Habitat: Asia and Australia; this species is a long-distance migrant that largely travels along the coast making few stopovers but utilizing different routes in the autumn and the spring. It breeds from late-May to late-June, departing the breeding grounds in July and arriving on the wintering grounds between August and October. The return migration to the breeding grounds takes place from March to April although juvenile non-breeders often remain in the tropical parts of the wintering range for the breeding season. The species forages in large flocks of one hundred to several thousand at favored sites on passage, but during the winter it typically forages in small groups. The species breeds on gravelly areas covered with lichen and patches of herbs, heather, Empetrum spp., Dryas spp. and Vaccinium spp., or alternatively on areas with a continuous layer of lichen and scattered stunted larch Larix spp. or dwarf pine Pinus pumila. It occurs on plateaus or gentle slopes with montane tundra in the subarctic at heights of 300-1,600 m. Non-breeding In its wintering range the species occurs in sheltered coastal habitats such as inlets, bays, harbors, estuaries and lagoons with large intertidal mud and sandflats, oceanic sandy beaches with nearby mudflats, sandy spits and islets, muddy shorelines with mangroves and occasionally exposed reefs or rock platforms. It roosts in refuges such as shallow water in sheltered sites, on coastal dunes or on saltflats amongst mangroves during high tides. On passage the species stages in estuaries and on intertidal mudflats.

Status: Least Concern. Global population: 380,000 - 390,000. While this species is not officially “threatened” there are threats… In the Chinese, North Korean and South Korean regions of the Yellow Sea (a major stopover area) the species is threatened by the degradation and loss of wetland habitats through environmental pollution (e.g. oil contamination of intertidal mudflats), reduced river flows and human disturbance (e.g. from off-road vehicles, tourists and hunters).

Great Knot are listed as threatened on the Victorian Flora and Fauna Guarantee Act (1988) and endangered on the 2007 advisory list of threatened vertebrate fauna in Victoria, in Australia.

Diet: Diet depends on the breeding cycle.
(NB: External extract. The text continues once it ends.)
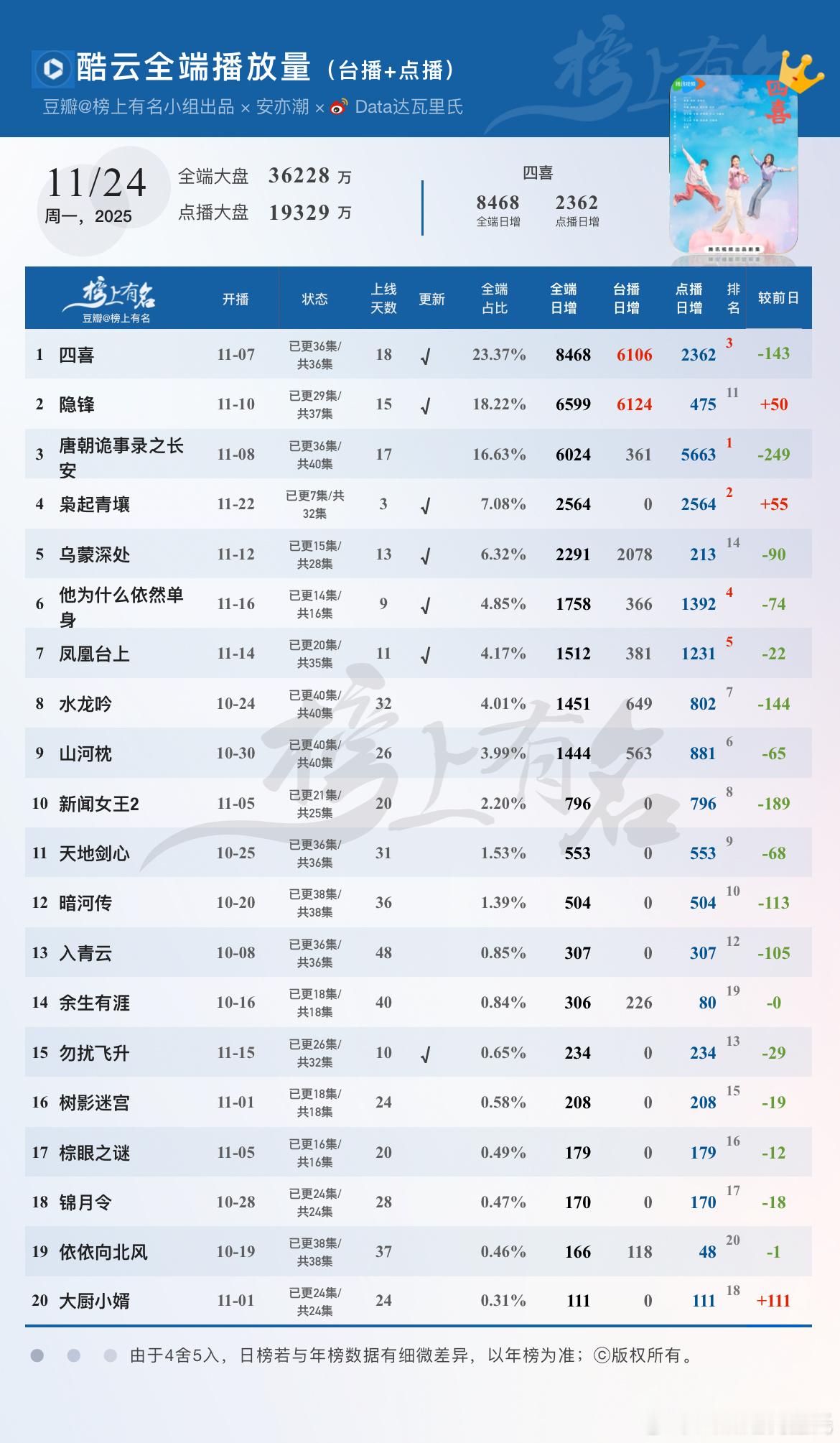 11.24酷云播放量,周一普降🌴豆瓣榜上有名小组 全端日冠×17 点播端5663降249 第3日2564 1392 点播端1231 802 881

Breeding adults diet consists predominantly of plant material such as berries (Empetrum nigrum) and pine kernels of dwarf pines (Pinus pumilla). Small chicks feed exclusively on insects and spiders. Non-breeding Knots during the winter and on passage the species takes bivalves up to 36 mm long from intertidal mudflats as well as gastropods, crustaceans (such as crabs and shrimps), annelid worms and echinoderms (such as sea cucumbers) These birds forage on mudflats and beaches, probing or picking up food by sight.

Nesting: Nests may be an open depression in moss, but very few nests have been found

Cool Facts: It is the largest of the calidrid species.